Print, in exact form, the lines below from the one containing "34. A§ağlda belinilen" through the one containing "comprend notamment les", and omit all others.
──────── RECORD EXCERPTS
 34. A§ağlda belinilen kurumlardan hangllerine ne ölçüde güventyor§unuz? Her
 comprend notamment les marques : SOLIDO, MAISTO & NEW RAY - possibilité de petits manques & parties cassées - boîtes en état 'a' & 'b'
────────────────
──────── RECORD EXCERPTS
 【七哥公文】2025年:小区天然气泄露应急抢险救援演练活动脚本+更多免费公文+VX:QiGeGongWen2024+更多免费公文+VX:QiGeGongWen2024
────────────────
──────── RECORD EXCERPTS
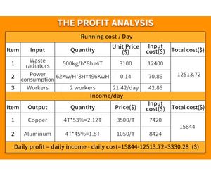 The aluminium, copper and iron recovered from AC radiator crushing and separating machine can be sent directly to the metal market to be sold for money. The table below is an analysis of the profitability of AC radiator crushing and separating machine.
────────────────
*ANSWER AREA*:
 34. A§ağlda belinilen kurumlardan hangllerine ne ölçüde güventyor§unuz? Her
 comprend notamment les marques : SOLIDO, MAISTO & NEW RAY - possibilité de petits manques & parties cassées - boîtes en état 'a' & 'b'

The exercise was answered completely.